Digital in-fill for Turtle Soup

FALKINER FABRICS, Melbourne (manufacturer); Bee TAPLIN (designer); Jane HILL
Turtle soup, fabric length (c. 1955)
cotton union cloth
123.0 x 122.0 cm irreg.
National Gallery of Victoria, Melbourne
Presented by the artist, 1987
CT26-1987

When the NGV’s flat textiles were assessed by textile conservators in preparation for the Mid-Century Modern exhibition, it was observed that a large section of the textile by Bee Taplin named Turtle Soup (c.1955) was missing.  It had been acquired in this state in 1987 when the work was presented to the NGV by the artist. In fact the loss, which was cut from the bottom lower quadrant of the textile, equated to about 14 % of the printed area.   Without a suitable in-fill this loss would likely prove distracting to exhibition viewers.

 

Possible in-fill options were discussed with curators Kirsty Grant and Katie Somerville and both felt that an in-fill was essential. While a plain mid-tone fabric was considered, replicating the original design was felt to be the more desirable solution.  In the past conservators may have considered hand printing or painting an in-fill such as this, however such repairs were often technically challenging and time consuming.  In more recent years, digital printing has been used in museums and galleries around the world as a means of replicating patterns for conservation purposes.  Its application can be relatively quick and easy and if the area of fabric missing can be replicated by matching a repeat in the textile, the result should be highly accurate.

 

NGV textile conservators have used digital printing in-fills for several projects in the past, carried out by off-site printers; however the complexity of matching the scale and colour of a textile which cannot usually be taken to the printer is a disadvantage in the busy lead up to an exhibition.

 

Textile conservators spoke to the NGV Photography team to assess whether digital printing on fabric could be done in-house.

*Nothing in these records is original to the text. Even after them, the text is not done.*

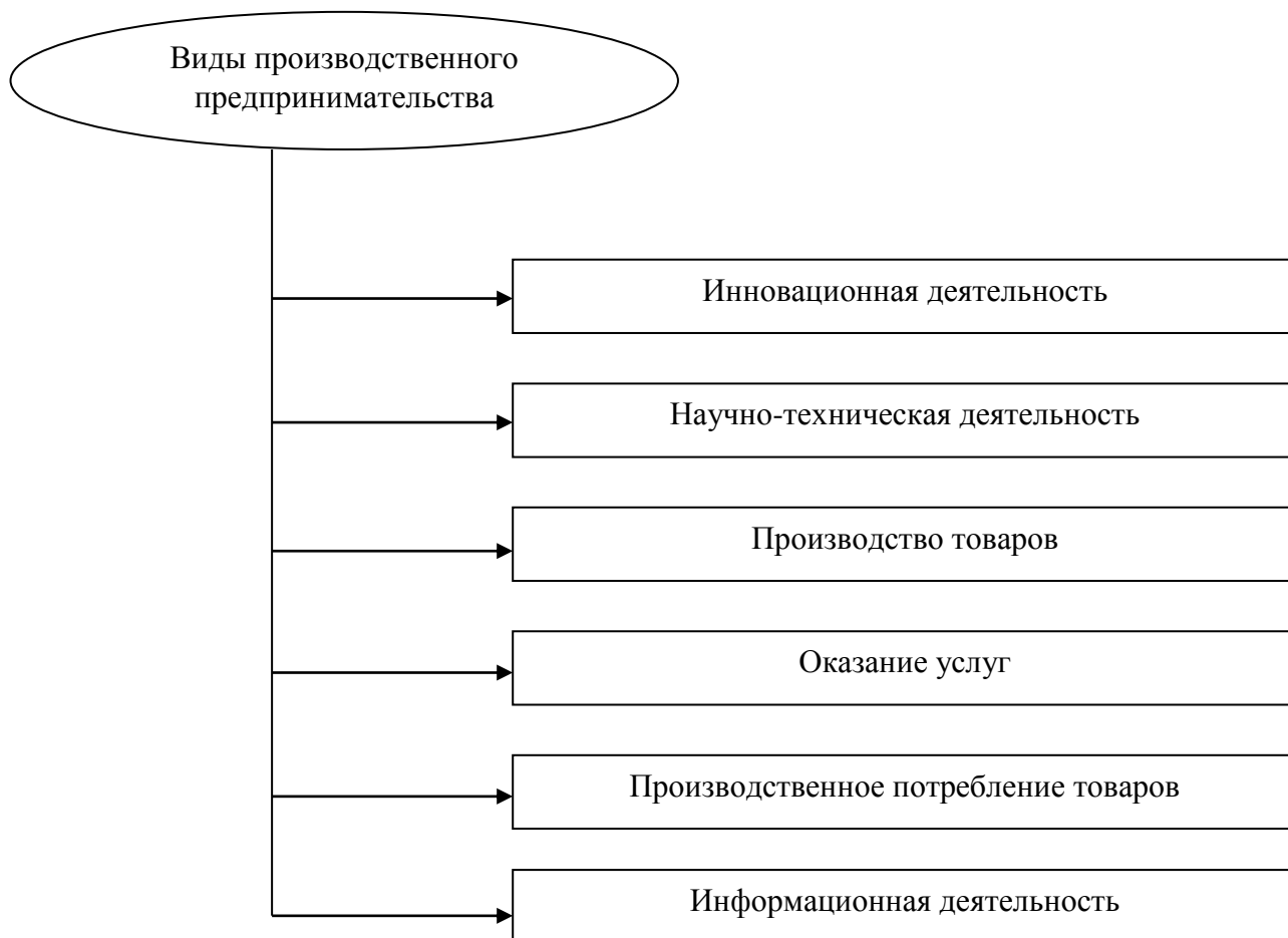
Рисунок 1 – Виды производственного предпринимательства

Виды производственного предпринимательства схематично представлены на рисунке 1.
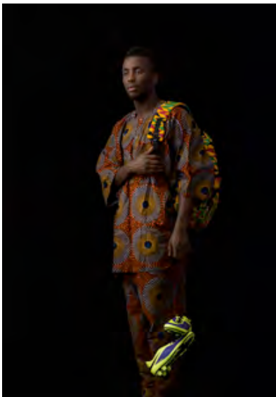
Zwischen gestern und heute im Hier und
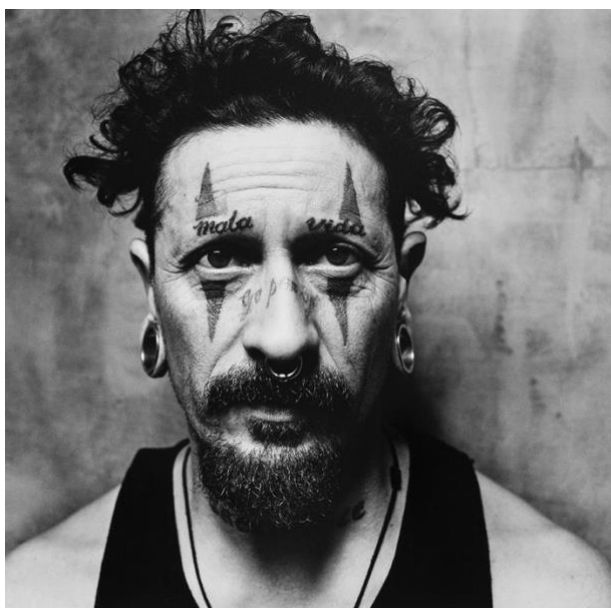
Adenoi, 2019
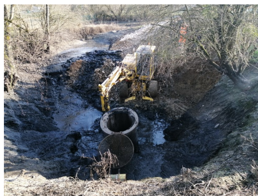
Curage de la faille de la STEP de Pouligny
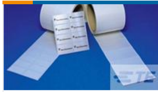
TE 产品编号2-1768019-4 EET-52105P-8A
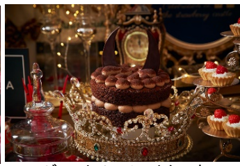
ビーストチョコレートケーキ
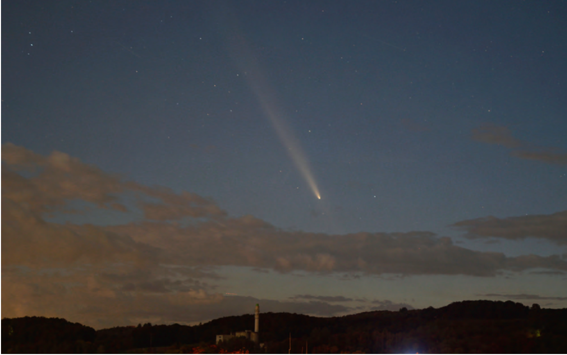
Der Komet Tsuchinshan-Atlas über der Zimänti am 14. Oktober, kurz nach 20 Uhr.

THAYNGEN Zurzeit sorgt ein Komet in den Medien für Schlagzeilen. Er heisst Tsuchinshan-Atlas und trägt die amtliche Bezeichnung C/2023 A3. Seit dem 10. Oktober ist er – sofern der Himmel klar ist – in den Abendstunden am Westhorizont von blossen Auge zu sehen. Von Tag zu Tag steigt er höher, verliert aber kontinuierlich an Strahlkraft. Ende des Monats wird er laut einem Bericht der schweizerischen Sendeanstalt SRF kaum noch sichtbar sein.
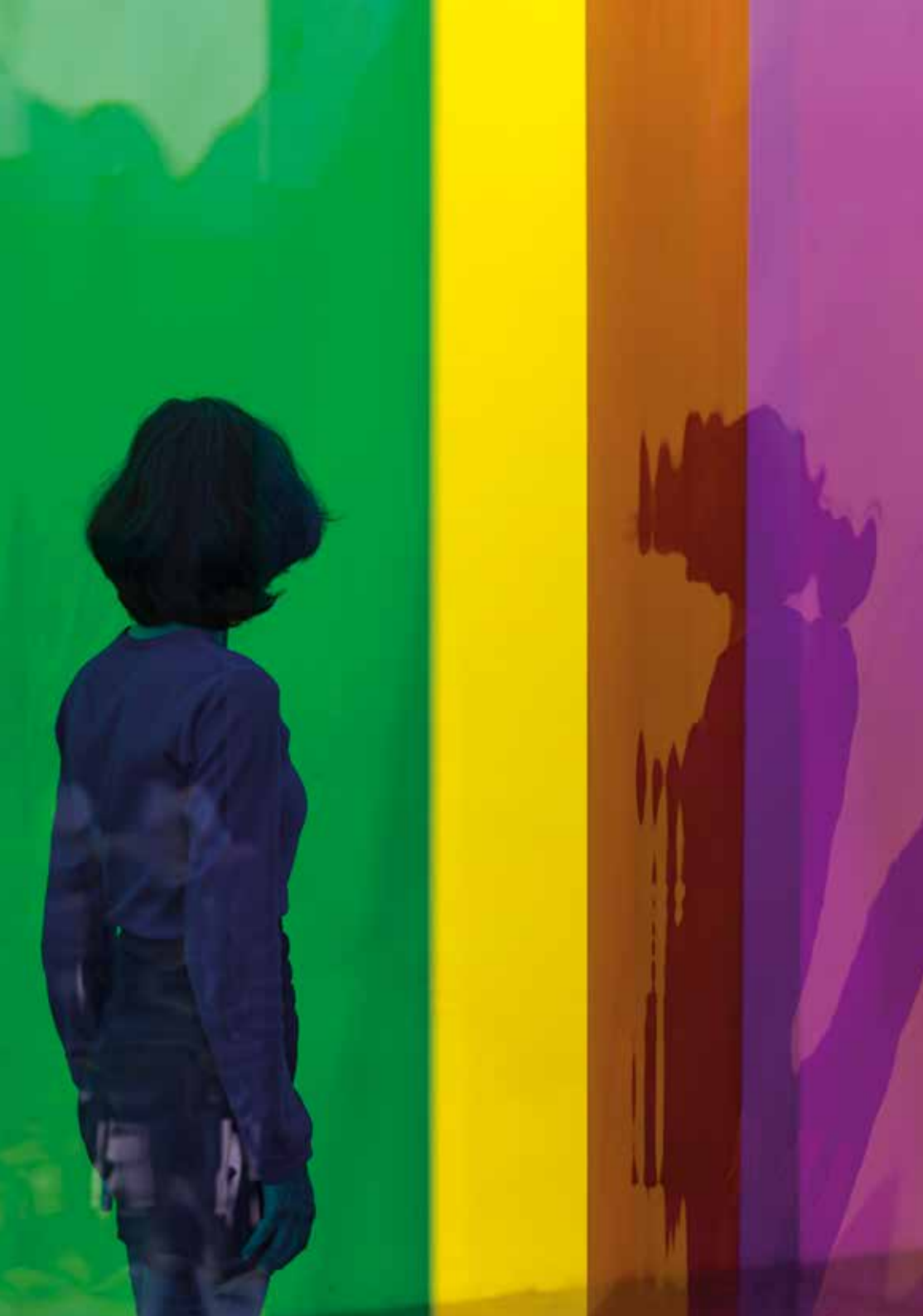
Olafur Eliasson, Seu corpo da obra (Your body of work), 2011. Test hos Studio Olafur Eliasson, 2015
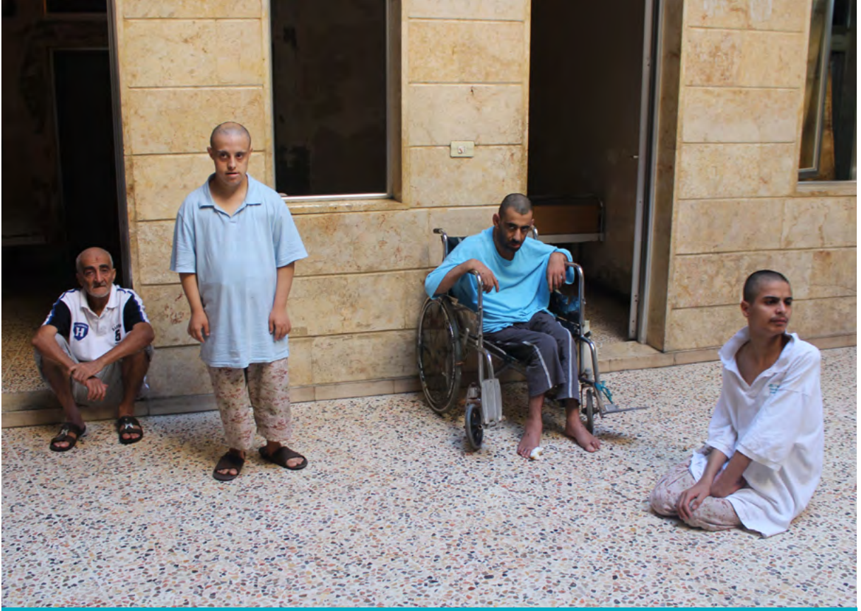
Aklı dengelerinin yerinde olmadığı düşünülen Suriyeliler 3 Eylül 2014 tarihinde Suriye'nin Halep kentindeki Darul İhsan Yardım Kuruluşu binasına sığındı. Darul İhsan Yardım Kuruluşu, Suriye'deki iç savaş sırasında yakınlarını kaybeden, aralarında kadın ve çocukların da bulunduğu down sendromlu ve zihinsel engellilere gıda, barınma, giysi ve tıbbi bakım sağlıyor.

Bölümün başında da belirtildiği üzere, farklı kuruluşlar arasında tanımsal farklılıklar bulunmaktadır. Bu çeşitliliğin avantaj olarak görülebilmesi için her bir tanımın karşılaştırılmalı olarak incelenmesi gerekmektedir. Öncelikle insan onuru kavramına odaklanan teorik çerçevemiz ve engelli bireylerin işlevlerini yerine getirebilecekleri ortama yapılan vurgu göz önünde bulundurulduğunda, Birleşmiş Milletler Engelli Hakları Sözleşmesi'nin (CRPD) tanımı "insanları değil, ortamı değiştirme" açısından en faydalı fikri içermektedir ve bu raporun geri kalanında birincil tanım olarak kullanılacaktır. Rapor, CRPD'nin BM Ekonomik ve Sosyal İşler Departmanı-Engellilik tarafından kullanılan tanımıyla birlikte, konunun öznelere arası yönünü vurgulamak için farklı tanımlarda kullanılan etkileşim kelimesini kavramsal olarak vurgulayacak ve daha fazla sosyal farkındalık konusunu ele alacaktır. CRPD kapsamında yol gösterici bir çerçeve olarak kullanılan tanımda karar kılmamıza neden olan özet teorik tartışmamızın özü dört ana fikir çerçevesinde değerlendirilebilir:
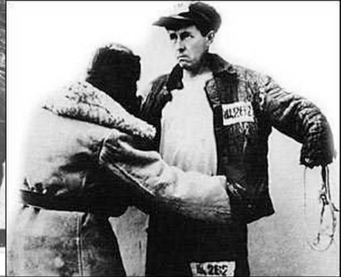
1. Особлаг (сразу по выходе), 1953 г.
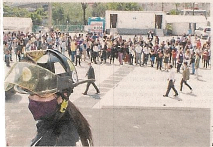
El Ayuntamiento de Naucalpan participó en el simulacro.

The response was positive.  A high resolution image of the textile already existed  and it was possible to source a linen fabric which was a good match for the ground fabric. NGV Photographic  Imaging Technician, Phillip White, manipulated the digital image using Adobe Photoshop and carried out test prints on the linen fabric. At the same time, conservators assessed the stability of the printing by testing its wet fastness and the possibility of pigment transfer.  There results were positive but it was clear that several days were required for the pigment to fully dry.  Furthermore, while it is likely that a near perfect colour match was possible, textile conservators specified that the tones be not matched precisely. The aim is for the in-fill to visually blend into the work, but it should remain obvious to the viewer what is non-original material when studied in detail.  In addition, the exhibition label clearly states that the work has a digital in-fill.

 

Once the printed in-fill had dried for several days it was ready to attach. It was carefully aligned with the printed design on the original textile and stitched in place.  The in-fill will be removed after the exhibition and stored separately from the textile but, should the textile be required for display in the future it can easily be re-attached.